By this point, I had remade the game again with my most recent programming concepts in mind. I'm the kind of player who, after having quit a long RPG game, would restart the entire RPG instead of picking up my old save. I was never reluctant to restart development on LORED if I thought it would serve the game. Every time I remade the game to be more performant and have cleaner code, I had to incorporate all 200+ Upgrades which I had added for Stages 1 and 2. This was a massive time sink.


Honing in on what makes LORED fun

A few months ago, I began to work full time on LORED. Using the many lessons I learned during this hell of mine, I decided to limit the scope of the game, and lean more into what was fun about the game: leveling up LOREDs, and buying fun Upgrades.

I want a player to see an Upgrade, to understand what it will do, and to want to purchase it. I came up with this simple checklist for Upgrades which I want them all to adhere to:

  1. Be unique.
  2. Be fun to purchase.

An Upgrade must check one of these boxes. The best Upgrades will of course check both of them.

There, then, was a problem with the game: many of the Upgrades you could purchase in Stage 2 did not check either of these boxes. Upgrades such as 0.9x to the Glass cost of X LORED, or 0.95x to the Axe input of Y LORED (there's a lot of these in Stage 2). These Upgrades, when combined with the multitude of other like Upgrades, eventually result in a noticeable effect, but I don't want a Cookie Clicker-like Upgrade system in which you gain 1% here and 2% there--I want every click of the mouse on an Upgrade to make the player splurge with joy.

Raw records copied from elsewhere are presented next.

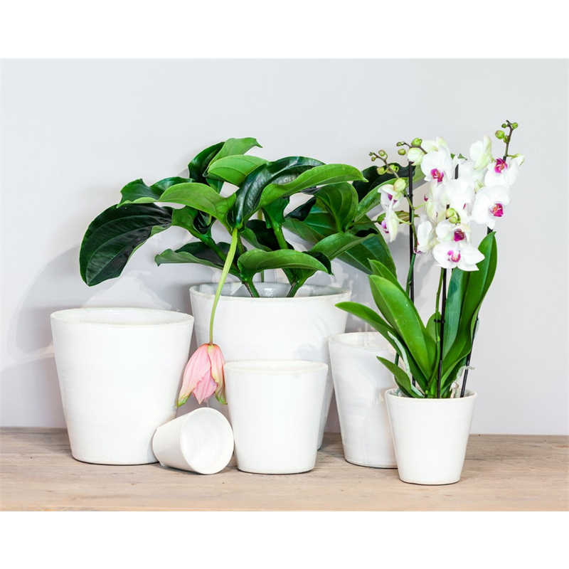 Dale un aire fresco a tu interior con la elegante maceta Luz de la colección Bela Arte de Floran. El diseño único y el refinado relieve del borde superior confieren a esta maceta un aspecto moderno. El radiante color blanco de la maceta le da un toque refrescante, perfecto para que tus plantas destaquen. Deje que sus plantas de interior favoritas brillen en esta maceta, ¡donde destacarán sus colores! Gracias a su estilo versátil, Luz encaja sin esfuerzo tanto en interiores modernos como clásicos, permitiéndole variar infinitamente con la decoración y la elección de plantas. Luz tiene una forma ampliamente acampanada y está disponible en varios tamaños y colores.
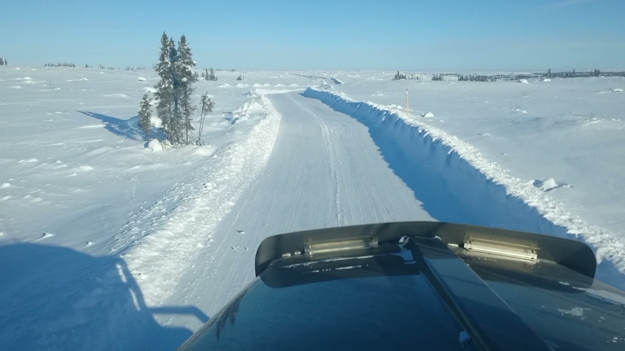 La ruta más conocida es la Tibbitt to Contwoyto Winter Road, construida sobre lagos y tramos naturales que congelan por completo.
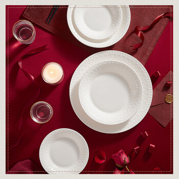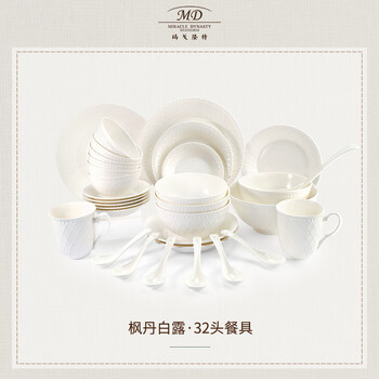 玛戈隆特 高档餐具套装骨瓷碗碟套装欧式纯白浮雕枫丹白露6人份32头
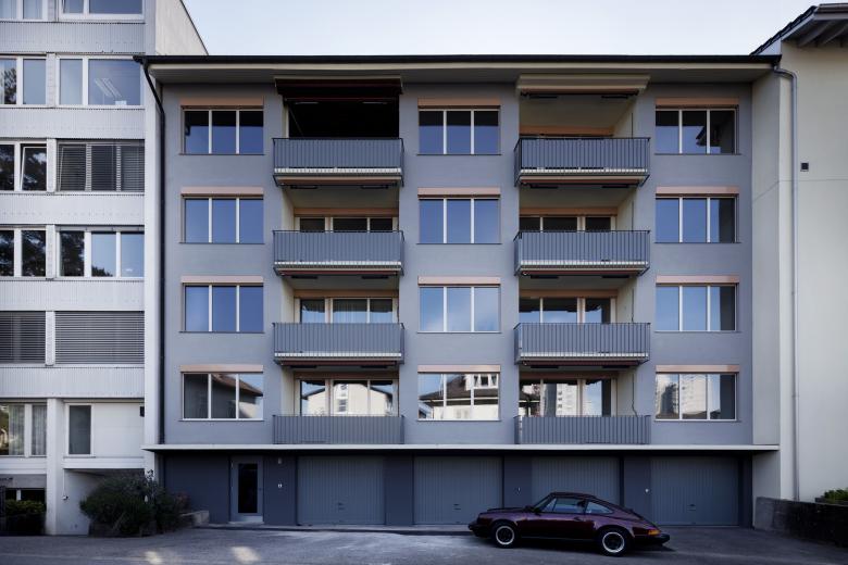 Ein sanierungsbedürftiger Fallstrang legte einen umfassenden Eingriff an Bädern und Küchen nahe. Die Eingriffstiefe wurde auf den Lebenszyklus der Baute abgestimmt. Die Haupträume zeigen sich für heutige Bedürfnisse eher schmal, die Tragstruktur ist schwach bemessen, der Bodenaufbau für heutige Schallanforderungen suboptimal. Die rückspringenden Balkone blieben energetisch problematisch. Für den Bau wurde deshalb eine Restnutzungsdauer von 20 bis 30 Jahren festgelegt.

In Stages 1 and 2, there are a total of 36 LOREDs. Each LORED has his own Autobuyer Upgrade. Stage 3 introduces 37 more. For the first few Autobuyer Upgrades you purchase, they are new and exciting. If you've played the game before, ask yourself this: Were you excited when you purchased the Autobuyer Upgrade for the Galena LORED? What about the Wood Pulp LORED? These are not key LOREDs whose Autobuyers you particularly care about, and I wouldn't be surprised if people forgot about those LOREDs altogether. So, there would have been 73 Autobuyer Upgrades, bloating the Upgrade count and becoming more of a chore than something you have fun doing. (I found a simple solution to this for the update).

There were also many Upgrades along this vein: Output +1 (base). After a handful of these, you start to lose track on how many Upgrades you purchased for each LORED which affected their base Output. And then, while we're talking about Upgrades which have obscure effects, there was this one: Each Upgrade which multiplies Haste by greater than 1 but less than or equal to 1.1 will have its effect increased. There is absolutely no way to know without a spreadsheet the impact this Upgrade will have before purchasing it.

With these thoughts in mind, and considering how many Upgrades in 2.2.27 were boring or had obscure effects, I decided to cut them all.

So, the time came to remake the game for the third or fourth time (I genuinely lost count), this time leaving behind all of the previous Upgrades. I will still bring over some of the more notable and fun Upgrades, but, overall, progression has been completely changed, and Stages 1 and 2 are new Stages.

I am also not adding back in the Tasks system, wherein the game told you to obtain X amount of resources (determined by the output of your LOREDs). There were "Quests" which were Tasks I created myself which led the player through the game. Don't need em. They're boring. I am allowing for the best aspect of the game--Upgrades--to lead progression. Upgrades will unlock LOREDs, Stages, Upgrade Trees, and every other mechanic in the game.

Free from the burden of re-implementing 200+ Upgrades and a Task system for the third time (I didn't even discuss the Wish system which didn't make it either), I am now able to make the game be the best version of itself, quickly.

My plan moving forward is to keep LORED a casual idle game that any sufficiently autistic person will enjoy, and to never remake it again.